What is the outlook for croquet at Sonoma-Cutrer today? According to sources at the winery Brown-Forman, like almost any organization involving groups of people in any configuration, is planning to reopen in stages. Croquet may resume in a corporate "third stage" which would come after the tasting room and tours re-open. Everything depends on the direction of the pandemic.
As of this writing, in mid-July 2020, the winery tasting room is still closed and the winery is in a production-only and on-line sales mode. Brown-Forman is following the Sonoma County health authority's guidelines, but a reopening still seems uncertain for winery visitors and Sonoma Croquet Club members, as all bars and restaurants have also been ordered closed as of Monday, July 13 by Sonoma authorities as local case levels rise.
When the Pandemic is again in retreat and Sonoma-Cutrer dares to re-open with a croquet club, what player guidelines should we expect?
Association or American-rules croquet both seem safer, since social distancing is easy to maintain if you are the in-player running a break or are watching your opponent run a break against you. Golf Croquet may find it harder to social distance since "social" GC players tend to flock around the court in tight groups, especially when they play doubles.
Croquet at Sonoma-Cutrer is now mostly Golf Croquet, especially in winery groups attracted on tours precisely because of the croquet on offer. That means close monitoring of all groups.
Masks will be a must, of course. But how do you drink wine? Disinfection of mallets balls, hoops, clips, chairs, and surfaces will be de rigueur. The number of players per court will be limited. Social Distancing will be the rule for all visitors to the winery.
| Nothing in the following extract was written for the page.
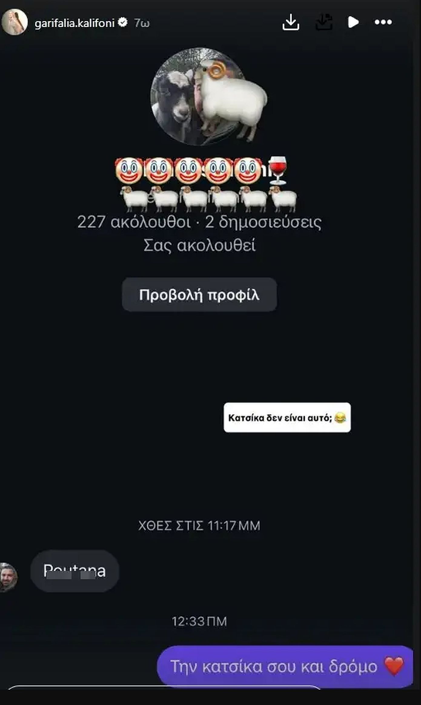Αυτή τη φορά, η Γαρυφαλλιά Καληφώνη έλαβε ένα μήνυμα που έγραφε, «π@@@@να». Το μήνυμα αυτό την έκανε έξαλλη γι’ αυτό και αποφάσισε να το κοινοποιήσει στους ακόλουθούς της μαζί με τη δική της απάντηση που έγραφε: «Την κατσίκα σου και δρόμο».
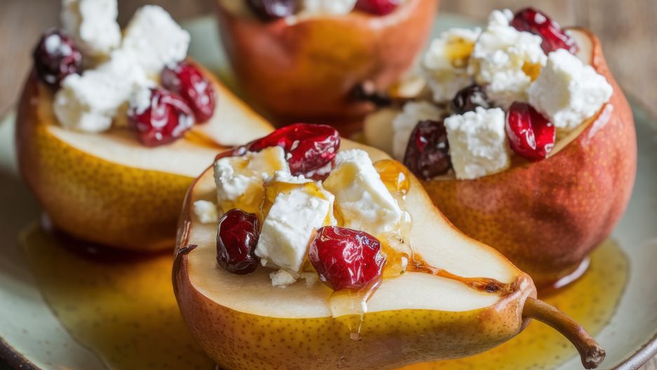 Gdy nie mam ochoty na skomplikowane ciasta, chętnie przygotowuję właśnie te gruszki. Są zapiekane w piekarniku, oblane miodem i posypane suszoną żurawiną oraz opcjonalnie serem feta.

And sadly, tournaments are on hold until the virus is defeated.
But this is only for the NEAR future - until an effective vaccine for the Covid-19 virus is discovered and deployed. This could happen within a few months, or before the end of the year, the experts are saying.
Sonoma Croquet Club members look forward to being back on the courts in a few months. As always, they will support Brown-Forman in resuming the one thing that makes Sonoma-Cutrer "special" besides its prize-winning Chardonney and Pinot Noir: the croquet that is an historic part of its heritage.
Mike Orgill is the long-time president of Sonoma Croquet Club and a member of the Croquet Foundation of America's Hall of Fame. He lives with his wife Helen in nearby Rohnert Park and plays croquet these days in Oakland.